__Task to complete__.
Each entry below should be printed exactly, with every image left out.

Given entries: Begin

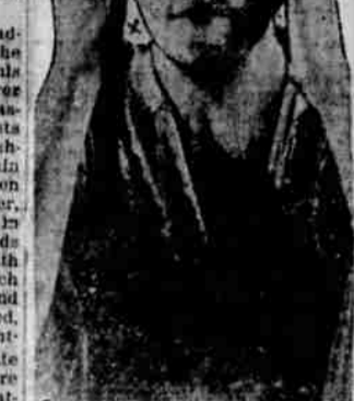
Tired eyes make the face old

Mattie—I think in your case the electric needle would be advisable for removing all the coarser hairs, and then continue to bleach the
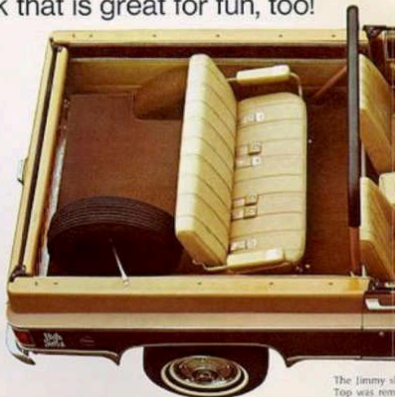
The Jimmy's Top was removed

Jimmy models from GMC, either two- or four-wheel-drive, have a lot of outstanding features to offer a prospective owner. There's a model with a hard top and a model without a top—to fit your need or mood. All with a robust big truck heritage from the Truck People from General Motors and the ability to be many things like a small wrecker, snow plow pusher or roustabout utility vehicle while still being Jimmy.
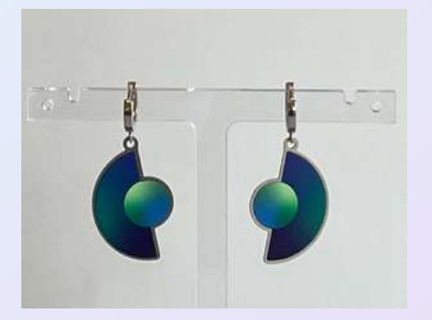
COSMIC MOON EARRINGS Code: CM-E-B
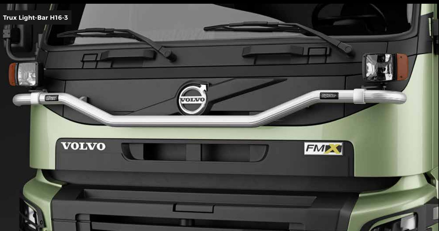
Trux Light-Bar H16-3
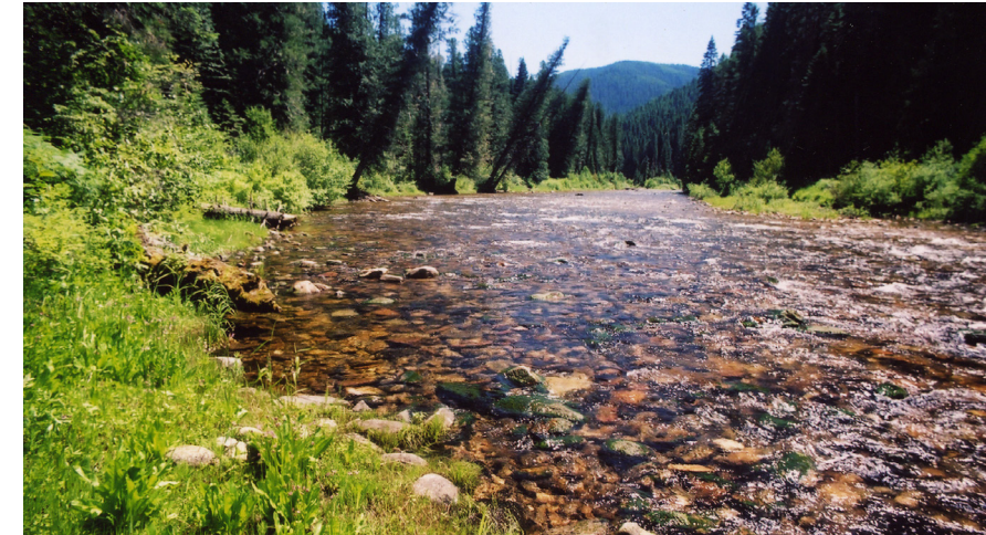
Weitas Creek roadless area needs your voice

threatened and endangered species, including bull trout, Chinook salmon, west-slope cutthroat trout, lynx, fisher, grizzly bear (extremely rare), and others. It is also famous for its elk herds and numerous other species, such as wolves, wolverines, black

Given entries: End

__Answer to this problem__.
Tired eyes make the face old

Mattie—I think in your case the electric needle would be advisable for removing all the coarser hairs, and then continue to bleach the
The Jimmy's Top was removed

Jimmy models from GMC, either two- or four-wheel-drive, have a lot of outstanding features to offer a prospective owner. There's a model with a hard top and a model without a top—to fit your need or mood. All with a robust big truck heritage from the Truck People from General Motors and the ability to be many things like a small wrecker, snow plow pusher or roustabout utility vehicle while still being Jimmy.
COSMIC MOON EARRINGS Code: CM-E-B
Trux Light-Bar H16-3
Weitas Creek roadless area needs your voice

threatened and endangered species, including bull trout, Chinook salmon, west-slope cutthroat trout, lynx, fisher, grizzly bear (extremely rare), and others. It is also famous for its elk herds and numerous other species, such as wolves, wolverines, black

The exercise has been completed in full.